I have been asked the same question on a number of occasions over the past year: when will the M&G Recovery fund recover?
The fund was launched in 1969 and has been managed by only three individuals since, all of whom have maintained the same philosophy. Current manager Tom Dobell has been at the helm for 14 years and, until three years ago, it had performed exceptionally well.
Some commentators blame recent poor performance on the fund being a victim of its own success. With growing interest from investors, it ballooned in size. It is certainly true that a big influx of money can cause considerable indigestion for fund managers. However, this is a reason all too easy to give.
I have spoken to Dobell on a number of occasions over the last few years and I think he would admit he originally ran some of his winners for a little longer than he should have. The reality is, all good active managers go through poor spells.
Throughout my career, the same has happened with several talented fund managers, including Neil Woodford, Anthony Bolton and Angus Tulloch.
When this happens, it brings one key question into focus: as an investor, do you have real conviction in the fund manager? If you do, while periods of underperformance will prove unpleasant, you should at least anticipate that manager will make it through the ordeal at some stage, providing their process and philosophy remains unchanged.
The problem tends to stem from a lack of patience from portfolio managers and fund investors. After all, there will always be times when some funds do better than others.

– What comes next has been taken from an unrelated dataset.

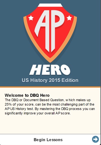 DBQ Hero is completely tailored to the new 2015 AP US History Test and will help you clearly and easily understand how to answer the often confusing DBQ question. By following the simple methods taught in DBQ Hero you will be able to significantly improve your DBQ score and pass the AP US History exam. This app was created by a teacher at one of the top ranking high schools in America with an average student pass rate of 85% on the AP US History Exam over the last 7 years.

The point of diversification is also to invest with managers with dissimilar styles, so that each fund within a portfolio fires at different times. This seems too quickly forgotten. For instance, there is too much pressure on today’s media to produce content; highlighting poor performance becomes an easy story to write.
I admit I can be accused of being patient far too long. This leads itself to another question I am often asked: when do you sell a fund that is struggling? I do not have a precise timescale but I have seen plenty of successful managers out of sorts for three years or more, who have subsequently made a comeback. It might feel uneasy at the time but sometimes doing nothing is the hardest thing to do when it comes to investment.
I highlight Dobell as he has recently received poor press for the fund’s holding in insurance claims processor Quindell. He seems to have suffered disproportionately more than others who have also held the stock. By his very nature, Dobell takes risks. He often purchases stocks nobody else will touch and herein lies the opportunity. That said, it does mean things will, and do, go wrong.
In the case of Quindell, the easy solution would be to walk away. Unlike many managers, Dobell is not frightened to get his hands dirty in order to get company management and corporate governance on the right track. The stock has cost the fund about 0.6 per cent but while the manager is not happy about this, it is not a disaster. He hopes to salvage the situation and time will tell whether this can be done.
Other areas that have had a tough time include the oil and mining stocks, some of which have close connections with Africa. The fall in commodities prices, such as iron ore oil, coupled with the Ebola outbreak has hardly helped sentiment towards these stocks. That said, with a portfolio of 82 holdings, I would expect to see some winners come through. Indeed, a bid for one of the portfolio holdings was made just a few days ago.
In conclusion, I still have conviction in Dobell. He is acutely aware the last few years have been difficult and is doing everything in his power to get through this rough patch for his investors. Periods such as this are part and parcel of recovery investing and a long-term outlook is essential. If you have real conviction in Dobell’s process, I would suggest holding on a bit longer. If I am right, the M&G Recovery fund will be a great recovery story in its own right.